I've just spent the morning uninstalling and reinstalling different versions of Nvidia driver (Linux) to get nvcc back for llama.cpp after Linux Mint did an update - I had CUDA 12.3 and 12.4 (5GB each), in conflict, with no guidance. 550 was the charm, not 535 that was fine in January.
This is the third time I'm going this since December.
It is painful.
I'm not in a hurry to return to my cuDF experiments as I'm pretty sure that'll be broken too (as it has been in the past).
I'm the co author of O'Reilly's High Performance Python book and this experience mirrors what I was having with pyCUDA a decade back.
Has a nice 90s vibe. I have not figured out how to just expand the selected process. I could collapse everything except the selected process manually, but that'd be tedious.
I have not explored how, but I'm pretty sure you can define custom templates for the layout. Maybe you may make a custom template with nothing but the selected process window?
The downside with nvitop is that it's written in python, which means having it in your environment can cause dependency conflicts. It's either that or you have a separate venv just for it. Maybe it's fine for personal use but sysadmins would prefer nvtop
That's why the authors recommend pipx for installing nvitop. I am not a sysadmin, but I prefer pipx over relying on the (often outdated) distro sources.
radeontop is the same sort of thing if you live in amdgpu-ville and want something easy to compile. I was able to use it to show that with kernel 5.x admgpu vulkan when a process is pushed out of vram into gtt it'll never reload and get stuck in a 'slow' state.
Now that I use Home Assistant, I want all my data sources to plug into there. It can handle the rendering for me as I see fit, and it's where data comes to integrate.
It's one of those things which I wish existed, but I can't imagine anyone would have written. Until I do a web search.
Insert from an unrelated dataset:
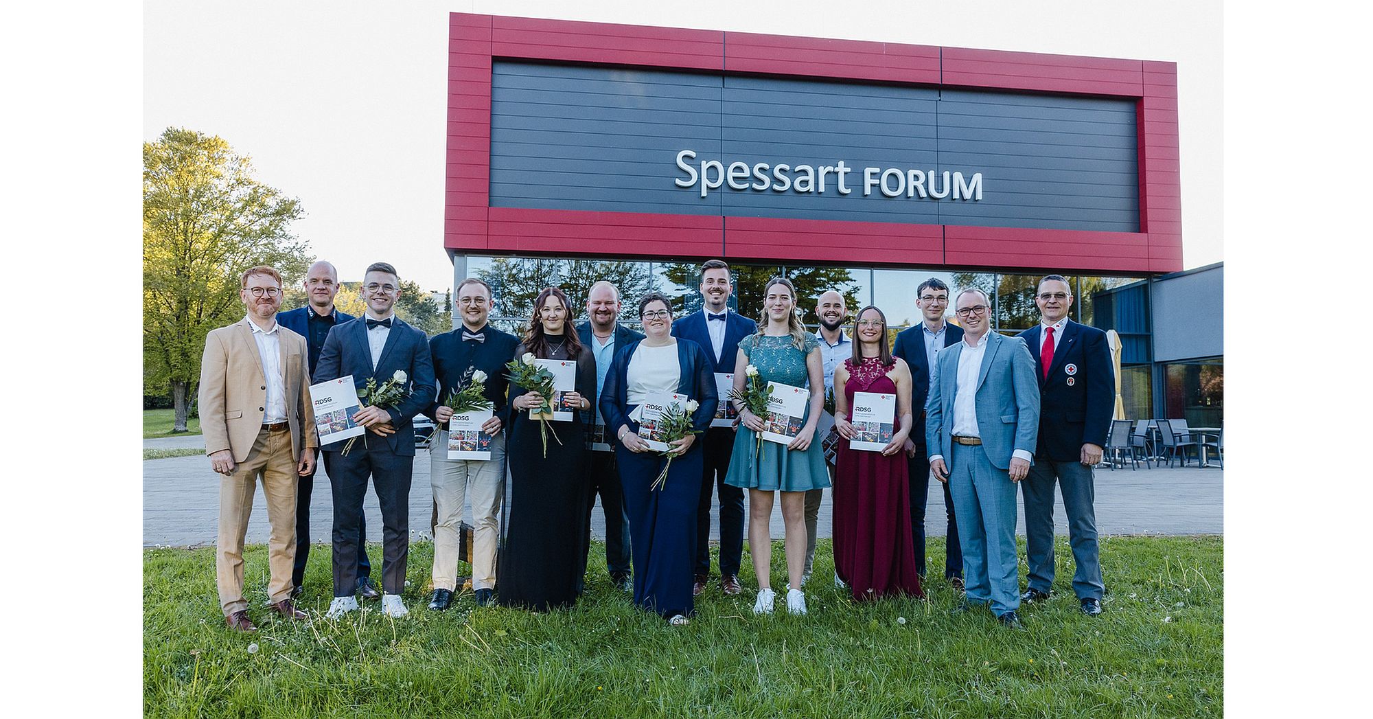 Von links: Werner Herd, stellvertretende Leitung der Rettungsdienstschule Gelnhausen, Klassenlehrer Johannes Rippert, die erfolgreichen Absolventen Clemens Büchse (DRK KV Büdingen), Björn Wilhelmi (DRK KV Gelnhausen-Schlüchtern), Lara Häffner (BF Offenbach), Tobias Röder (DRK KV Gelnhausen-Schlüchtern), Jasmin Brill (DRK KV Büdingen), André Decher (DRK Rettungsdiensts Mittelhessen gGmbH), Jana Müller (DRK KV Gelnhausen-Schlüchtern), David Salathé (DRK KV Büdingen), Alisa Karl (DRK Rettungsdienst Mittelhessen) sowie Fabian Gastine, Mitglied des Vorstands, Michael Dittmar, Leiter der Rettungsdienstschule Gelnhausen und Präsident des Kreisverbandes Christof Hoffmann. Auf dem Foto fehlt Julian Fuß (DRK Fulda).

Pretty much every time I've used nvtop it has been while doing CUDA stuff, mostly to see if it was going to blow out the memory but also to spot check that the model is actually using the GPU. I've had times where it said it was using the GPU, but it only did so for the first part of the work and then dropped down to the CPU for the rest.
I use several video players, including mpv, vlc and ffmpeg, and they have always used without problems the hardware video decoding and encoding on all kinds of GPUs.
Only with Firefox and Chrome/Chromium in most versions the hardware acceleration is broken, even if there have been some versions where it worked fine (on NVIDIA), but at the next browser upgrade it was broken again.
This does not bother me much, because I do not like to watch video files in a browser anyway. I always download them first and I play them locally.
ah yes, you can configure nvtop to display encode and decode loads. Interesting to watch how playback speed in VLC is directly reflected in the metric.
If you're here because you're interested in AI performance I'd recommend instead https://docs.nvidia.com/nsight-compute/NsightComputeCli/inde... to profile individual kernels. Nsight systems for a macro view https://developer.nvidia.com/nsight-systems and the PyTorch profiler if you're not authoring kernels directly but using something PyTorch https://pytorch.org/tutorials/recipes/recipes/profiler_recip...